● TASK
Leaving out all pictures, copy the lines below exactly, from the line with "四月十八日,黔江中學(xué" to the last line, both ends included.

GIVEN MATERIAL: Begin

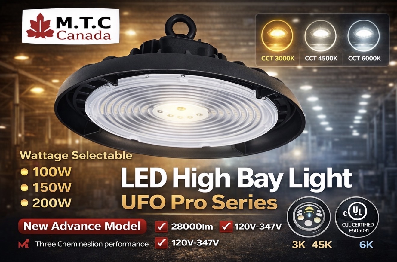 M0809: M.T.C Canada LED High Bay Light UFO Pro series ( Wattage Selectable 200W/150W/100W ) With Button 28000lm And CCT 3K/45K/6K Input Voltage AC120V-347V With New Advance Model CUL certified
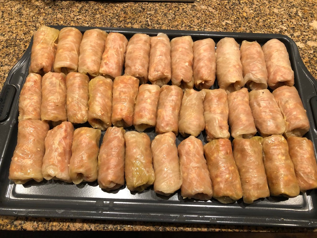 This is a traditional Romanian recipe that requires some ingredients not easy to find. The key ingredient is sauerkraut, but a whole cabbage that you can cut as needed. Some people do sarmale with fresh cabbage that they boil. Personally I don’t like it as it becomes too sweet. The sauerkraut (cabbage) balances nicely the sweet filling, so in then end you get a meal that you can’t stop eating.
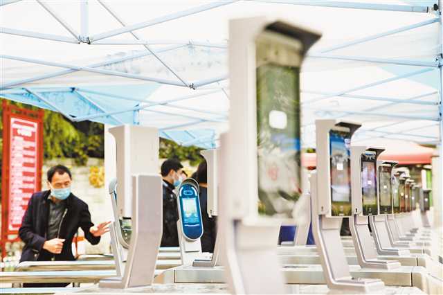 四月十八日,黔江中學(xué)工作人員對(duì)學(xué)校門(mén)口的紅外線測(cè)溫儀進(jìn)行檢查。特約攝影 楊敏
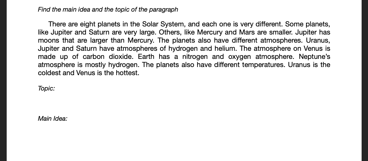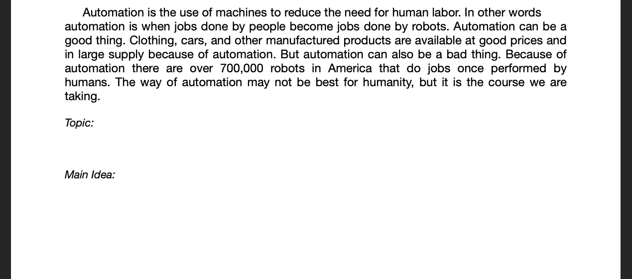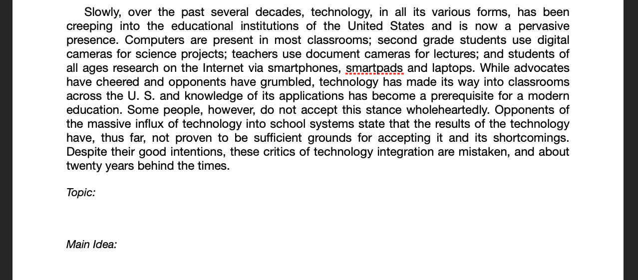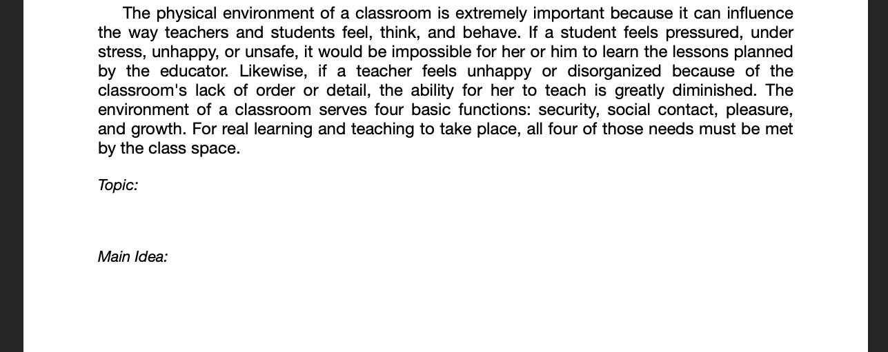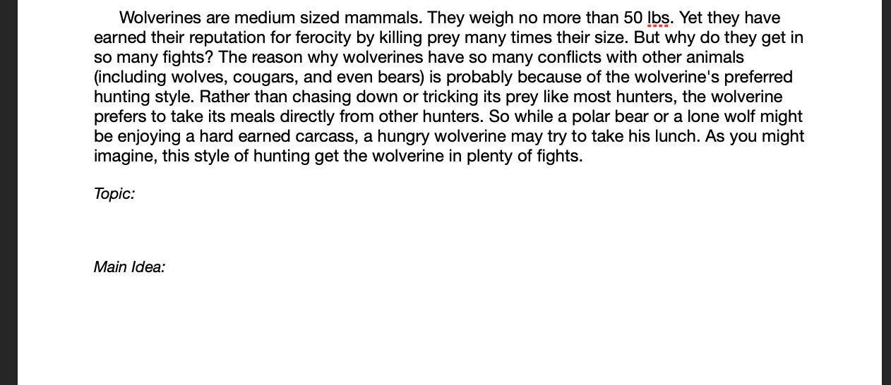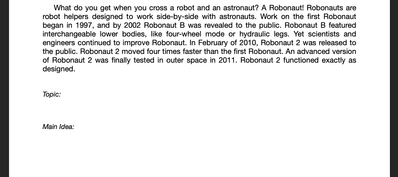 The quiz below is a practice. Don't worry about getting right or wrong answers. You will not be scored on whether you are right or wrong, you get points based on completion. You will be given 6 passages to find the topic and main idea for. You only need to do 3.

GIVEN MATERIAL: End

● YOUR SOLUTION
 四月十八日,黔江中學(xué)工作人員對(duì)學(xué)校門(mén)口的紅外線測(cè)溫儀進(jìn)行檢查。特約攝影 楊敏
 The quiz below is a practice. Don't worry about getting right or wrong answers. You will not be scored on whether you are right or wrong, you get points based on completion. You will be given 6 passages to find the topic and main idea for. You only need to do 3.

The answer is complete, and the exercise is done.